**DATASET EXTRACT:**
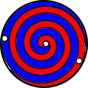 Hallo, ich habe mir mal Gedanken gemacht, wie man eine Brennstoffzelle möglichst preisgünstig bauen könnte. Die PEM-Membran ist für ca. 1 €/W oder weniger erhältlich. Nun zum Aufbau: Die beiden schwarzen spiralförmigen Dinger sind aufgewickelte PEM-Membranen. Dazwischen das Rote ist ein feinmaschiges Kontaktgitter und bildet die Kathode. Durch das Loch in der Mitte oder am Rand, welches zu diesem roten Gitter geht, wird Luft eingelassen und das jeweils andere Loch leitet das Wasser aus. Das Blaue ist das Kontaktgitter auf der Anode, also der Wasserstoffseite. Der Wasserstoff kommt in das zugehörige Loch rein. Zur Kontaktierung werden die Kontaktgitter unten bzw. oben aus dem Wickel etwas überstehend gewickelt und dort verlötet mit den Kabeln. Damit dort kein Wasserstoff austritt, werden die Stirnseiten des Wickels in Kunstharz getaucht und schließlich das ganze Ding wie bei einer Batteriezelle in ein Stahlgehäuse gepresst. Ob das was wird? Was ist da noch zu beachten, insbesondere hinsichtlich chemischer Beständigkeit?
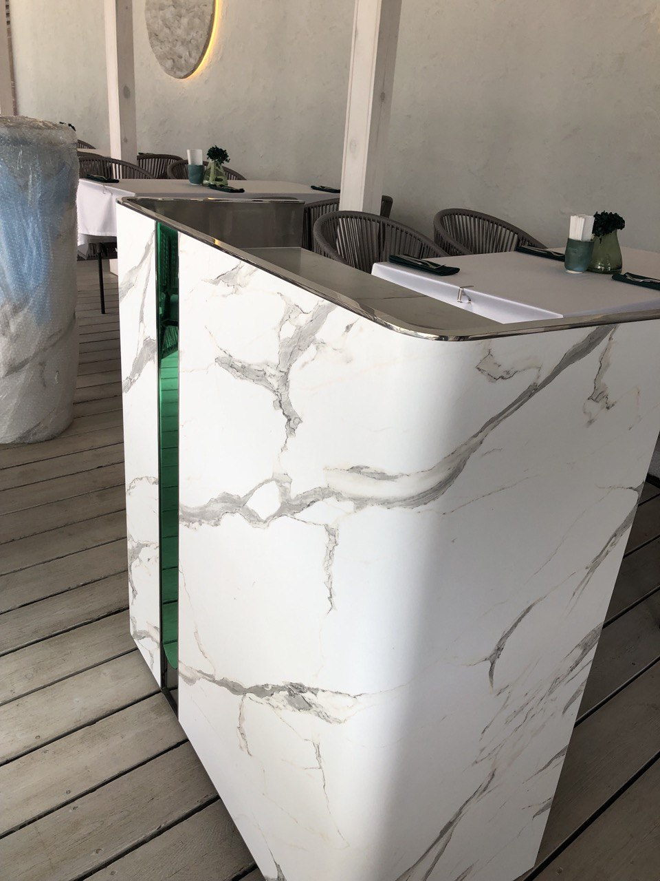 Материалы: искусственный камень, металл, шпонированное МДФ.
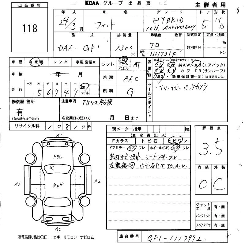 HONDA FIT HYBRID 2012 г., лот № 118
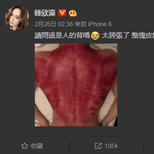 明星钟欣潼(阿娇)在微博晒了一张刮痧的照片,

**WHAT THE TASK ASKS:** The result should be the same data as above, line for line, with the pictures gone.

**REPLY:**
 Hallo, ich habe mir mal Gedanken gemacht, wie man eine Brennstoffzelle möglichst preisgünstig bauen könnte. Die PEM-Membran ist für ca. 1 €/W oder weniger erhältlich. Nun zum Aufbau: Die beiden schwarzen spiralförmigen Dinger sind aufgewickelte PEM-Membranen. Dazwischen das Rote ist ein feinmaschiges Kontaktgitter und bildet die Kathode. Durch das Loch in der Mitte oder am Rand, welches zu diesem roten Gitter geht, wird Luft eingelassen und das jeweils andere Loch leitet das Wasser aus. Das Blaue ist das Kontaktgitter auf der Anode, also der Wasserstoffseite. Der Wasserstoff kommt in das zugehörige Loch rein. Zur Kontaktierung werden die Kontaktgitter unten bzw. oben aus dem Wickel etwas überstehend gewickelt und dort verlötet mit den Kabeln. Damit dort kein Wasserstoff austritt, werden die Stirnseiten des Wickels in Kunstharz getaucht und schließlich das ganze Ding wie bei einer Batteriezelle in ein Stahlgehäuse gepresst. Ob das was wird? Was ist da noch zu beachten, insbesondere hinsichtlich chemischer Beständigkeit?
 Материалы: искусственный камень, металл, шпонированное МДФ.
 HONDA FIT HYBRID 2012 г., лот № 118
 明星钟欣潼(阿娇)在微博晒了一张刮痧的照片,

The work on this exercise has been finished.